Apr 17, 2025 - 20:35

This is a Plain English Papers summary of a research paper called SIFT-50M: New Data Supercharges Speech LLMs, Improves Understanding. If you like these kinds of analysis, you should join AImodels.fyi or follow us on Twitter.

Bridging the Speech-Text Gap: How SIFT-50M Improves LLMs' Understanding of Speech

Speech-text large language models (LLMs) represent an exciting frontier in AI, integrating audio processing capabilities with the reasoning powers of language models. However, these models have faced a significant limitation: they typically train on datasets designed for automatic speech recognition (ASR) rather than natural language instruction following. This has restricted their ability to respond flexibly to diverse speech understanding tasks.

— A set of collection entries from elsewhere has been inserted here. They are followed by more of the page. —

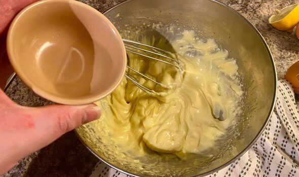 To make the mayonnaise, I started by adding the yolks, mustard, vinegar and lemon juice to a bowl before giving it a whisk.
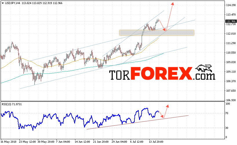 Таким образом, USD/JPY прогноз Доллар Иена на 19 июля 2018 предполагает попытку теста области поддержки вблизи уровня 112.25 и продолжения роста котировок в область выше уровня 114.00, в пользу роста пары выступит тест линии поддержки на индикаторе относительной силы, отменой варианта роста станет падение и пробой области 111.70, что укажет на продолжение падения пары.
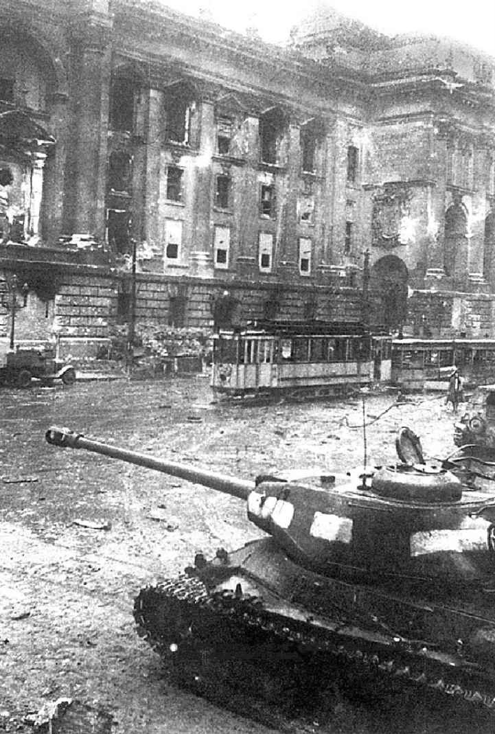 柏林战役中的苏军JS-2“斯大林”式重型坦克,其炮塔上的白色条纹是为了防止美英航空兵误击的识别标志。经过讨论,巴塞与温克将军一致通过,第9集团军应向柏林南部的松树林正西方向突围,与第12集团军会师,然后一同向易北河撤退。但是,巴塞的后卫部队一直与朱可夫的部队交战,行进缓慢。他告诉温克将军,在苏军的炮火之下,他的集团军现在“就像在地上爬”。然而2位将军都不愿执行希特勒下达的命令,也不想为救援柏林而牺牲更多的生命。4月25日深夜,巴塞得到了“可自行决定最佳攻击方向”的授权。从那时起,他实行了一种“纳尔斯尼”战术,即拒绝接收各种无线电信号。当然,实际上德军的无线电通信也已经崩溃,早已接收不到什么信号了。
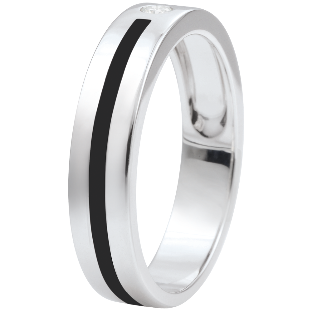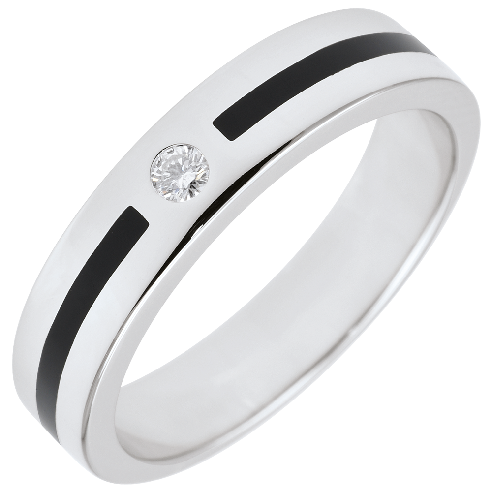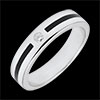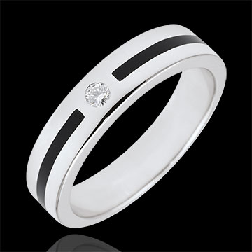 Obrączka Światłocień z białego złota ozdobiona diamentem środkowym i otoczona paskiem laki o głębokiej czerni.
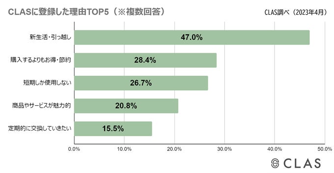 2023年4月に実施したCLAS登録者を対象にしたユーザーアンケートでは、約半数の方が「新生活・引越し」を機にCLASへご登録いただいております。
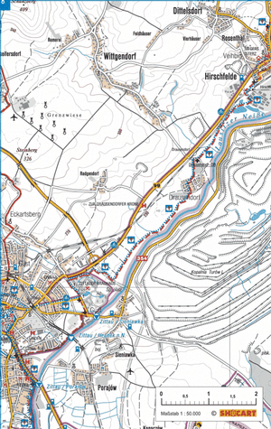 Droga z Hirschfelde do Zittau wiedzie cały czas nad Nysą Łużycką, która oddziela Niemcy i Polskę. Kto patrzy uważnie, spostrzeże liczne pozostałości dawnego krajobrazu kształtowanego i wykorzystywanego przez klasztor: odcięte starorzecza, rozległe łąki w dolinach czy założone przez zakonnice z St. Marienthal stawy i groble. W czasie deszczu lepiej skorzystać z asfaltowej ścieżki rowerowej, która biegnie równolegle do drogi krajowej 99. Od wejścia do Żytawy idziemy chodnikiem wzdłuż głównej drogi (Görlitzer Straße) prosto do kościoła Marii Panny.
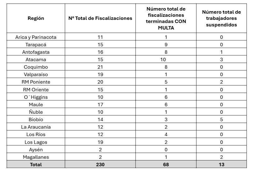 A nivel regional, las mayores cifras de multas se concentraron en zonas como Atacama, Tarapacá y Antofagasta, mientras que la mayor cantidad de trabajadores suspendidos se registró en Biobío (5), en Atacama (3), Santiago poniente (2), Magallanes (2) y Antofagasta (1).

A new dataset called SIFT-50M (Speech Instruction Fine-Tuning) addresses this gap with 50 million examples of instruction-based training data spanning five languages. This represents a major advancement similar to how instruction tuning datasets for code have transformed code-generating models.

The Speech Instruction Challenge

Recent speech-text LLMs have made significant progress by connecting audio encoders with language models. Some projects like SALMONN integrate Whisper and BEATs encoders with pre-trained LLMs, while others like Qwen-Audio train on multiple speech and audio tasks. Models like AudioPaLM and LauraGPT extend LLM vocabulary with discrete audio tokens to support both understanding and generation.

Despite these advances, all these models face the same fundamental limitation: they rely on datasets primarily designed for speech recognition rather than instruction following. This inhibits their ability to generalize to a wide range of speech understanding tasks, similar to challenges addressed in multilingual instruction fine-tuning work.

SIFT-50M: A Comprehensive Speech Instruction Dataset

SIFT-50M represents a major leap forward, with 50 million examples built from publicly available speech corpora containing 14,000 hours of speech across five languages. The dataset includes diverse instruction types for both speech understanding and controllable speech generation.

Category	#Samples (train/dev/EvalSIFT)
Closed-Ended
- Acoustic-level	17.8M / 100K / 2.5K
- Content-level	14.5M / 80K / 2.5K
- Word-Align	9.8M / 40K / 2.5K
- Comparison	3.6M / 100K / 2.5K
Open-Ended	4.3M / 100K / 10K
Controllable Generation	5.6M / 50K / 10K
Total	55.6M / 470K / 30K

Table 1: Representative examples from SIFT-50M for different categories of instruction types.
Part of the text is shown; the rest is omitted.